───── Dataset ─────

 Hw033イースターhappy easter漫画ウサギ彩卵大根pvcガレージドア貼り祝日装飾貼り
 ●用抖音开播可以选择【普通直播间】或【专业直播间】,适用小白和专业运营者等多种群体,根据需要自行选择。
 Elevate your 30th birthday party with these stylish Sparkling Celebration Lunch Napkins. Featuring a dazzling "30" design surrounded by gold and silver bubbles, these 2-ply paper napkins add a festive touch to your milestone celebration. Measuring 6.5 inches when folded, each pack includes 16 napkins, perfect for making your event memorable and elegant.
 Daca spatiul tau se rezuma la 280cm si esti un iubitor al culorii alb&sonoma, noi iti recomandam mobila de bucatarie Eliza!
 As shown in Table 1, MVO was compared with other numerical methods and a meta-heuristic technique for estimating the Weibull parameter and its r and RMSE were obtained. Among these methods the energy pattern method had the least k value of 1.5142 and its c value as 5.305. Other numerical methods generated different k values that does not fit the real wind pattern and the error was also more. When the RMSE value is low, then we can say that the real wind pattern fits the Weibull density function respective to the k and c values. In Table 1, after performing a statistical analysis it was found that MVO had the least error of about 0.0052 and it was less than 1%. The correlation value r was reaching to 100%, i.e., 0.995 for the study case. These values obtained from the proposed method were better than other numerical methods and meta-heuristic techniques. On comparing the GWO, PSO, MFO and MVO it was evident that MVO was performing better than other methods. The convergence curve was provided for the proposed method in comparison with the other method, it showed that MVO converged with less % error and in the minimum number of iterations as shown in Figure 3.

─────
───── Dataset ─────

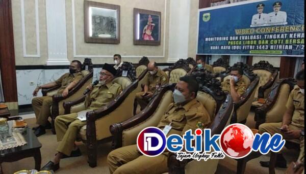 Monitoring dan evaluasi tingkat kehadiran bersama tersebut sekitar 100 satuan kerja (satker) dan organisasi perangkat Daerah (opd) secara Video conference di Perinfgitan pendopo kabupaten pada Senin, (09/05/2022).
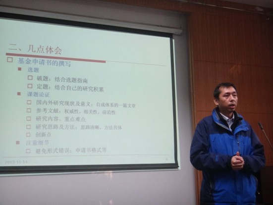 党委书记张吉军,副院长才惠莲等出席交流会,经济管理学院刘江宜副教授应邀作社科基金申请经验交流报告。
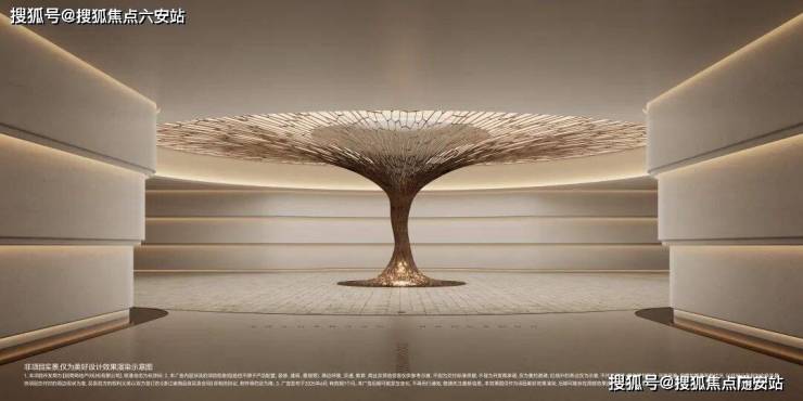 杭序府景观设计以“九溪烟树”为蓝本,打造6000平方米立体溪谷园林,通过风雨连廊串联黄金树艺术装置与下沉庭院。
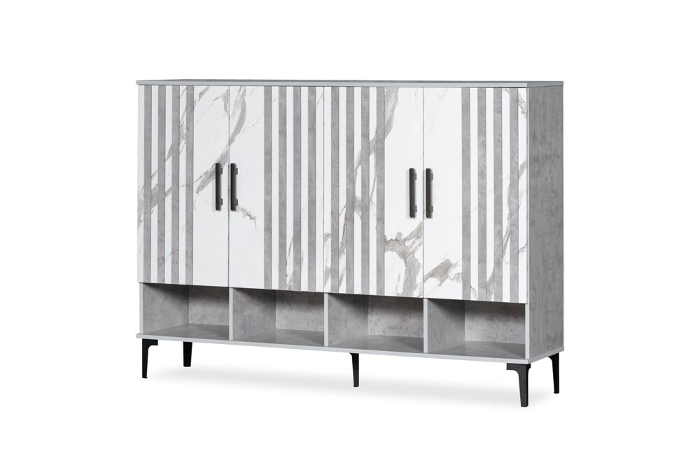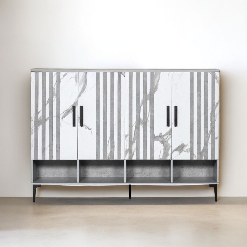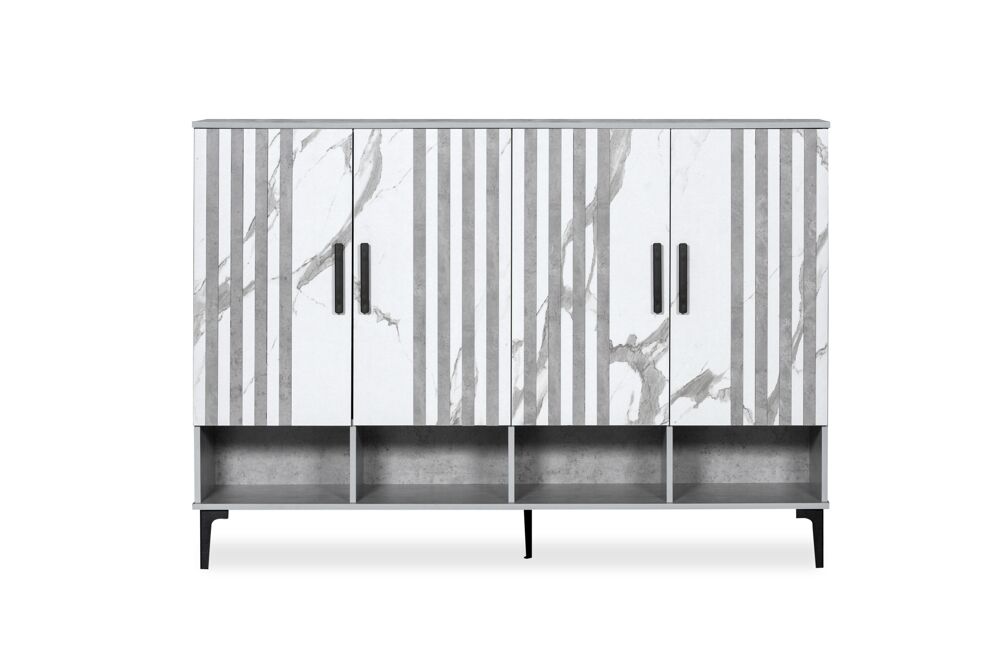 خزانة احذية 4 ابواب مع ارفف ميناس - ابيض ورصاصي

─────
───── Dataset ─────

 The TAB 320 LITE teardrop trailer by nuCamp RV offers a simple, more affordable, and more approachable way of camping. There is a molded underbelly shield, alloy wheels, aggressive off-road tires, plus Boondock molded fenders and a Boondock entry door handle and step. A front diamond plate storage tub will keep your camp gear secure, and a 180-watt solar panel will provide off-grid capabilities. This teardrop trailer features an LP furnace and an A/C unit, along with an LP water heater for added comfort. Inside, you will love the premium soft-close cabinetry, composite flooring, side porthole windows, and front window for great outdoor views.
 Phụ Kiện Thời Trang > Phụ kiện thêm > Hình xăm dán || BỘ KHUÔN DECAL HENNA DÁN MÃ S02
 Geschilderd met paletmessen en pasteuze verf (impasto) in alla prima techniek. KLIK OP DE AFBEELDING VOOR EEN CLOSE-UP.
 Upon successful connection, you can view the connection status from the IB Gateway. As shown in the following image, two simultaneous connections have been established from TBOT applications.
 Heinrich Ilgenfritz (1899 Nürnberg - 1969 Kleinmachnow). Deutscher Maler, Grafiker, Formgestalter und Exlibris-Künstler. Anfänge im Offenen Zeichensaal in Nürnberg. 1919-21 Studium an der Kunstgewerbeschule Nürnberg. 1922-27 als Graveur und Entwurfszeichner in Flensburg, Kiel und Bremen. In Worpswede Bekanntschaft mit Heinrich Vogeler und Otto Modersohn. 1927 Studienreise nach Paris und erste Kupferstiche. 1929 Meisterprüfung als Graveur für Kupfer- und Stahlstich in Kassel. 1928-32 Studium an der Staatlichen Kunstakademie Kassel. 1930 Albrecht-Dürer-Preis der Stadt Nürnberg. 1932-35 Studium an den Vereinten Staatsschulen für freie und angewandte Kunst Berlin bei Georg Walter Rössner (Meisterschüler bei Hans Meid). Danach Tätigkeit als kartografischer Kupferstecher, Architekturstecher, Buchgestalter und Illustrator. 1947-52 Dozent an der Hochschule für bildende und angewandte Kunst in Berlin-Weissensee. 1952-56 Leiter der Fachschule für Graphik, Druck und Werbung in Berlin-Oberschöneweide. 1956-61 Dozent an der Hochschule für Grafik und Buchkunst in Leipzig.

─────

#### [Work instruction]
How many lines of the entries hold the word "your"? Respond with the number alone.

#### [Response box]
2